Heart patient lives a normal and active life

Reshma Wati Kumar. Picture: SUPPLIED

LIVNG a normal and active life as a heart patient at times is difficult, but 44-year-old Reshma Wati Kumar has proved that even with rheumatic heart disease (RHD) you can still have an active life.

For the past 20 years, Ms Kumar has been living with RHD and has undergone heart surgery and has weekly injections.

“It was during my second pregnancy 20 years ago in 1998 that I was diagnosed with RHD. I had gone for my ante-natal clinic and I was told that my heart beat is a little faster and is not normal.

“So I was referred to a cardiac doctor. He did further assessment and tests, including ECG (electrocardiography) and echo. It was after these echo scans that I was diagnosed with RHD,” recalled Ms Kumar.

She was 24 years old at that time and had no idea what the word “rheumatic” even meant when she began to experience symptoms of RHD.

“I thought it had something to do with a cold. With my husband beside me, the doctor gave me a good explanation and told me that the valve of my heart — my mitral valve — was narrowing. I was really shocked and worried too because I was carrying a baby. So I read up everything I could find on RHD on the internet in order to know more about it. I remember having shortness of breath before I was diagnosed and after talking with a health worker about the symptoms, I believed I had rheumatic fever back in high school where I used to have frequent sore throat. So it is possible this disease was with me for a long time but it was not detected.

“In 2005, seven years after being diagnosed with RHD, I began to have symptoms that it has reached a severe stage,” said Ms Kumar.

“I began to have shortness of breath even at rest or while I’m sleeping. I cannot climb up the stairs or sweep the house. I had to have two pillows for sleeping because of the discomfort and sometimes I couldn’t sleep at all.”

Further assessments and examinations were carried out and the doctors recommended that she either have a mitral valve repair or replacement surgery. On October 12, 2005, at the Mercy Hospital in Auckland, New Zealand, Ms Kumar had a mitral valve repair surgery.

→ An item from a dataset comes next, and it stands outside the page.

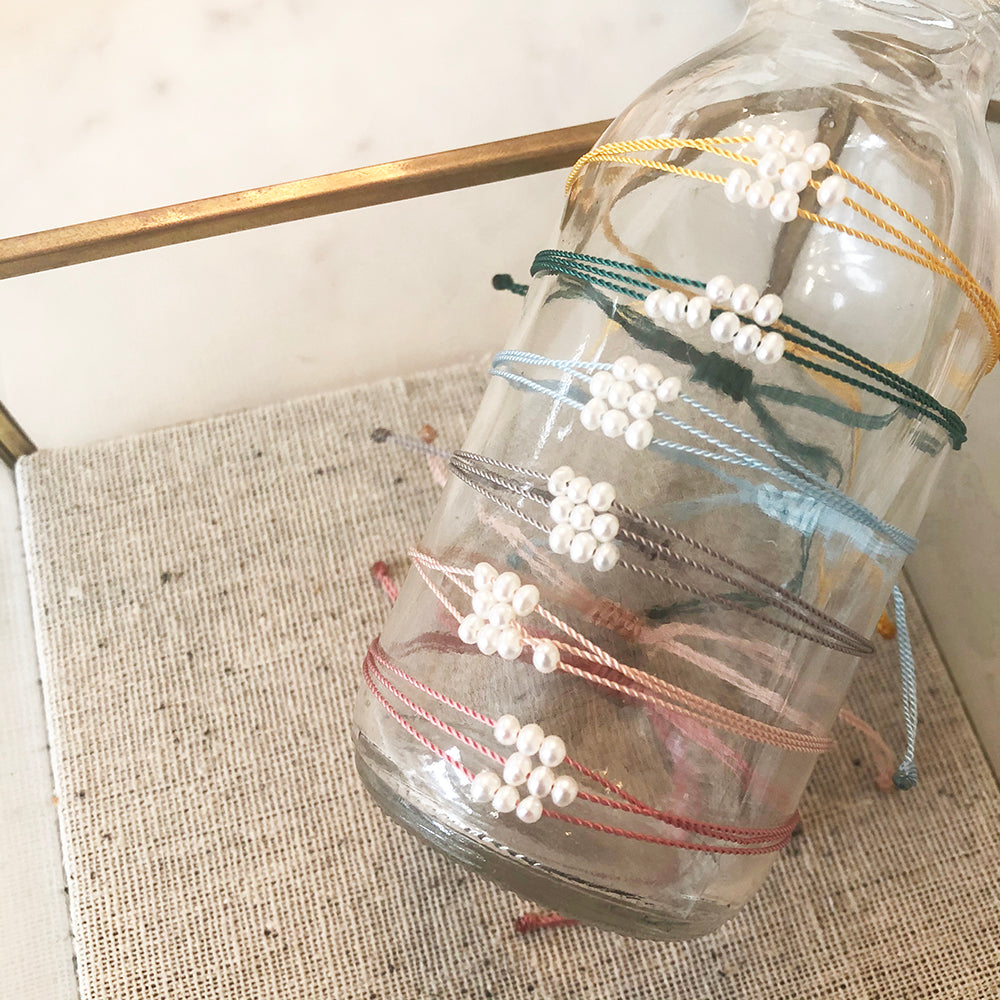 Wish Me Luck Pearl Bracelets are available in the following cord colors: rosé, dusty rose, gray, mustard, turquoise, emerald

“I was also told that I will have to wait for another 10 to 15 years before I will have a replacement. It has now been 13 years and I will be going in two weeks’ time for my review.” However, family support helped her to overcome the challenges that came with RHD.

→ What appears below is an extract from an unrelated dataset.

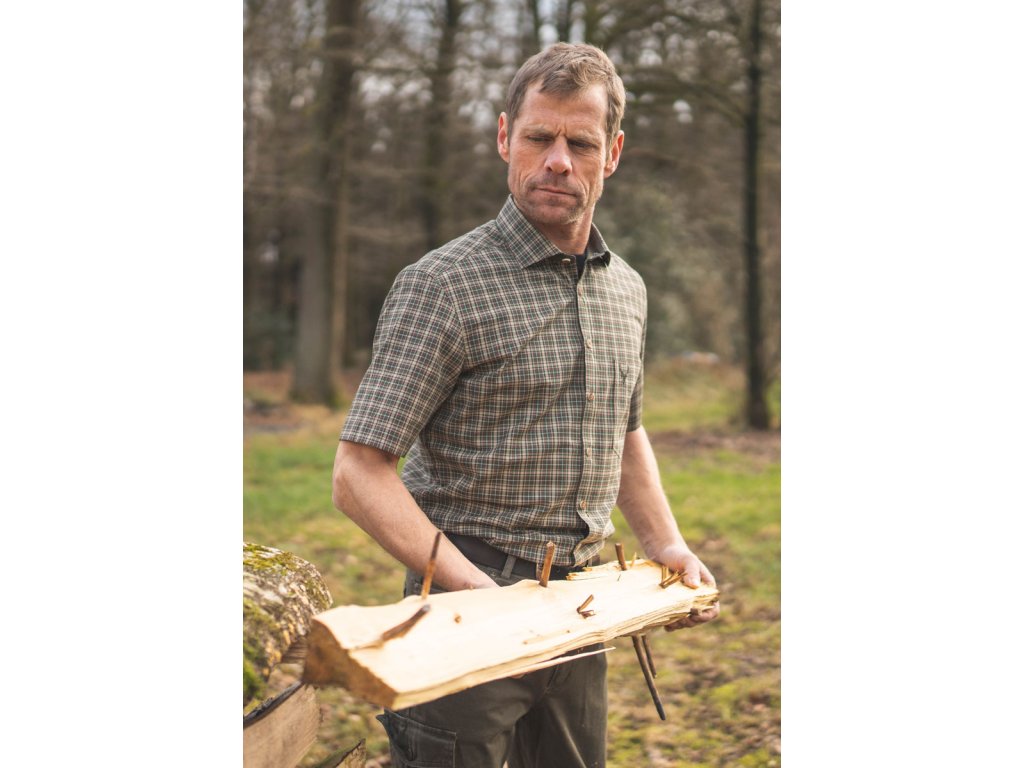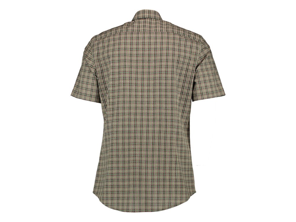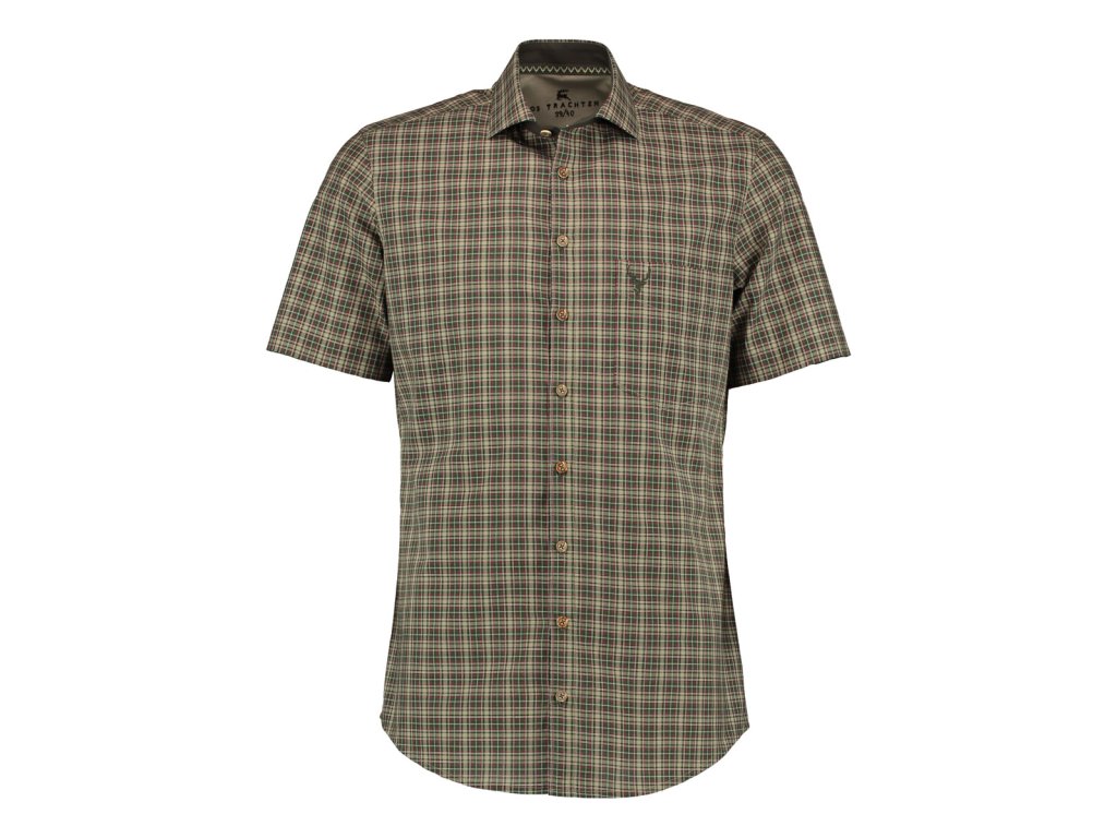 Krásná bavlněná košile červeno-zelená károvaná se stylovou výšivkou a kapsou na hrudi. Košile má krátký rukáv a knoflíčky z imitace paroží.

“My husband was very supportive during the time of my operation and my children, even though they were small, they supported me in any way they could. Just their being around me gave me so much comfort.

“My parents were also there from day one, providing care and looking after my children while I was away for surgery as well as after surgery. My siblings also provided support in many ways. After surgery, most of the complications and discomfort disappeared and my family gave me enough reason not to dwell on my sickness, but to remain strong and continue with life.

That’s important because RHD does not stop someone from being successful in life. You can have RHD and still be successful.”

Ms Kumar recovered quickly with the support of her family.

“I was actually back at work four months after my surgery and everything carried on as normal.”

“I was going to parties, picnics, I did gardening and I was reminded to walk at least half an hour each day. “I attend post-operation care clinics at CWM, usually after every three or four months and I never miss my monthly benza injection at the Raiwaqa Health Centre,” she said.